Each field maps to a stable Wikipedia CSS class or element id, so the scraper works across most article pages, not just one.

Why scrape through the Crawling API

A Wikipedia article page is mostly server-rendered HTML, so a plain request will often return usable markup. The friction shows up at scale. Wikimedia asks automated clients to identify themselves, respects rate limits strictly, and will throttle or block traffic that hammers its servers from a single address. If you run a tight loop from one datacenter IP, you will hit those limits quickly, and a blocked IP stops the whole job.

Routing requests through the Crawling API solves the operational side. You send it the article URL, it fetches the page behind a rotating pool of trusted IPs, handles retries, and hands back finished HTML you can parse. That keeps any single address from tripping a rate limit, and it means you do not maintain a proxy pool yourself.

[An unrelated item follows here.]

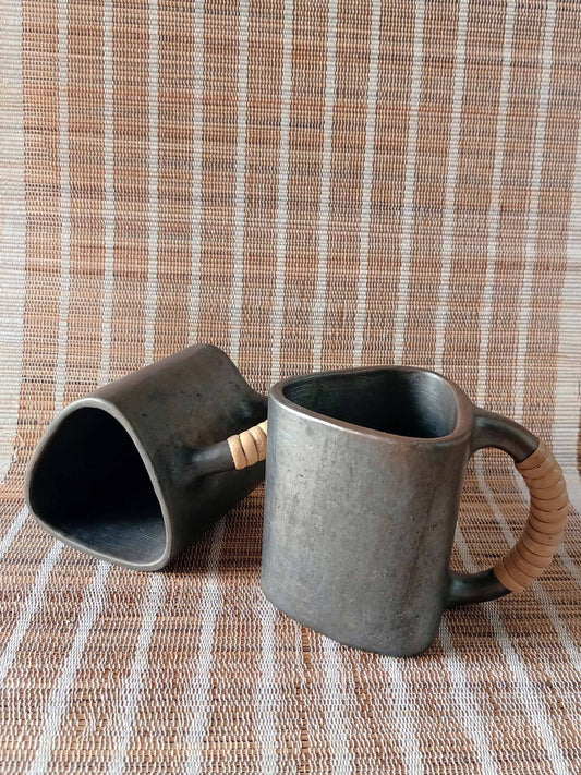 Longpi Black Pottery Trikon Coffee Mug Large (Set of 2)

The parsing approach below is the same one you would use against any HTML source, so if you are new to it, our primer on how to use BeautifulSoup in Python covers the extraction side in depth.

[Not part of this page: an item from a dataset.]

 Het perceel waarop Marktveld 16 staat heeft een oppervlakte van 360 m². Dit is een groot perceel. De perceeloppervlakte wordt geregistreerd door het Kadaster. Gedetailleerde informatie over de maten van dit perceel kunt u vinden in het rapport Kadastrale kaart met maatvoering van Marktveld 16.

Prefer the official API where you can

Wikipedia runs the MediaWiki API and publishes full database dumps. For large, structured pulls those are the preferred path, and we recommend them in the legality section. This tutorial covers HTML scraping because it is the most direct way to read exactly what a reader sees on a single page, and the techniques transfer to any site.

Prerequisites

A few things to have in place first. None take long.

Basic Python. You should be comfortable running a script and installing packages with pip. Familiarity with HTML structure helps, since the whole job is targeting elements by class and id.

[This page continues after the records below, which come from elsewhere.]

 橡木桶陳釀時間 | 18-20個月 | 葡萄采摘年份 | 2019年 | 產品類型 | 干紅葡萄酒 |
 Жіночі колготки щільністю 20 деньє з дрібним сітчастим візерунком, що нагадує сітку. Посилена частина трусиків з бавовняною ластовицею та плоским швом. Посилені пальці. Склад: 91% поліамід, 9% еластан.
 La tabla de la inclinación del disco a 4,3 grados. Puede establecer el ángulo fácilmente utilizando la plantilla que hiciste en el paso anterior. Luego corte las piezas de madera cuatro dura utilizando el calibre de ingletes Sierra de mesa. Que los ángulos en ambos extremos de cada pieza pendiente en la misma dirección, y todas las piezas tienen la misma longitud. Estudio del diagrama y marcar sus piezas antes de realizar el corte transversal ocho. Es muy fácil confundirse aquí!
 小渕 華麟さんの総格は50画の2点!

Python 3.8 or later. Confirm with python --version. If you do not have it, install it from python.org.

A Crawlbase account and token. Sign up, open your dashboard, and copy your token from the account docs page. Wikipedia is static HTML, so the normal request token is the right one here; you do not need JavaScript rendering. Keep the token out of version control.

Set up the project

Create an isolated virtual environment, then install the three libraries the scraper needs.

bash
python --version

python -m venv wikipedia_env
source wikipedia_env/bin/activate

pip install crawlbase beautifulsoup4 pandas

On Windows, activate with wikipedia_env\Scripts\activate instead of the source line. Three dependencies do the work: crawlbase is the official client for the Crawling API, beautifulsoup4 parses the returned HTML, and pandas turns the infobox and tables into frames you can write to CSV.

Step 1: Fetch the article HTML

Start by pulling the raw page. Import CrawlingAPI, initialize it with your token, and request an article URL. Check the status code before parsing so failures stay loud instead of silent. We will use the Wikipedia article on Ada Lovelace as the running example, since it has a rich infobox and several tables.

python
from crawlbase import CrawlingAPI

api = CrawlingAPI({"token": "YOUR_CRAWLBASE_TOKEN"})

def crawl(page_url):
    response = api.get(page_url)
    if response["status_code"] == 200:
        return response["body"].decode("utf-8")
    print(f"Request failed: {response['status_code']}")
    return None

if __name__ == "__main__":
    page_url = "https://en.wikipedia.org/wiki/Ada_Lovelace"
    html = crawl(page_url)
    print(html[:500] if html else "No HTML returned")

Run this and you should see the opening of the article's HTML printed to your terminal. That confirms the request worked and gives you finished markup to parse. The CrawlingAPI object is created once and reused, which is the pattern you want when you start fetching many pages in a loop later.

Crawlbase Crawling API

Wikipedia rate-limits traffic that hits its servers hard from one address, and a blocked IP stops your whole job. The Crawling API fetches each article through a rotating pool of trusted IPs and handles retries, so no single address trips a limit and you skip running a proxy pool yourself. Start on the free tier and point it at a public article.

Step 2: Parse the title and summary

With HTML in hand, load it into BeautifulSoup. Wikipedia gives the page heading the id firstHeading, and the lead summary is the run of paragraphs inside the main content before the first section heading. We grab the title from that id, then collect the opening paragraphs as the summary.

python
from bs4 import BeautifulSoup

def parse_title_and_summary(html):
    soup = BeautifulSoup(html, "html.parser")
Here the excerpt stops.